PKR activation is impaired in dsRNA treated PERK^−/− MEFs. (A) PERK^+/+ and PERK^−/− MEFs were transfected with dsRNA (10 μg/ml, lanes 2 and 4) or mock transfected (lanes 1 and 3) or treated with TG (1 μM, 2 h; lanes 5 and 6). Proteins extracts were harvested at the indicated times and subjected to immunoblot analysis with the serine 51 phospho-specific eIF2α antibody (top panel) or with the eIF2α panspecific antibody (lower panel). (B) Protein extracts (200 μg) from dsRNA transfected PERK^+/+ and PERK^−/− MEFs were immunoprecipitated with a rabbit polyclonal anti-mPKR antibody (D-20) and subjected to phosphorylation in vitro in the presence of [γ-³²P]ATP. The immunoprecipitated PKR was subjected to SDS-10% PAGE and autoradiography (top panel). Protein extracts (50 μg) were subjected to immunoblot analysis with a rabbit polyclonal phosphothreonine 446 PKR antibody (second panel) or a mouse monoclonal actin antibody (bottom panel).

FIG. 8.

Model depicting a cross talk between PERK and PKR upon VSV infection.
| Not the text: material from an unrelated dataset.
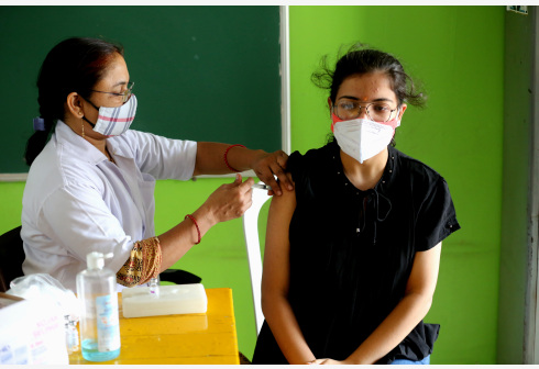 5月19日,一名女子在印度博帕尔接种新冠疫苗。 印度卫生部19日公布的数据显示,过去24小时该国新增...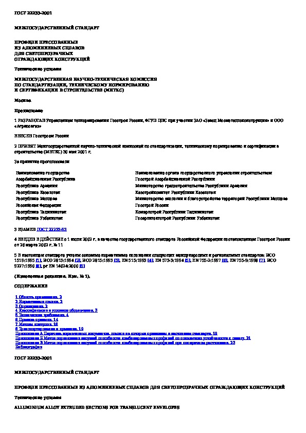 ГОСТ 22233-2001*: Профили прессованные из алюминиевых сплавов для светопрозрачных ограждающих конструкций. Технические условия

VSV activates both PERK and PKR. Although PKR is thought to be activated by dsRNA produced during virus replication, the molecular mechanism(s) of PERK activation is not clear. Perhaps VSV infection induces protein phosphorylation cascades, resulting in PERK phosphorylation in the ER. PERK is upstream of PKR, and coordinated activation of both kinases is likely to be required for maximal eIF2α phosphorylation and full-scale shutdown of viral protein synthesis (solid lines). Phosphorylation of eIF2α mediated by PERK alone may not be sufficient to block virus replication (dotted line) unless PKR is present (solid lines). This is consistent with the impaired antiviral response of PKR^−/− MEFs after VSV infection (2, 37).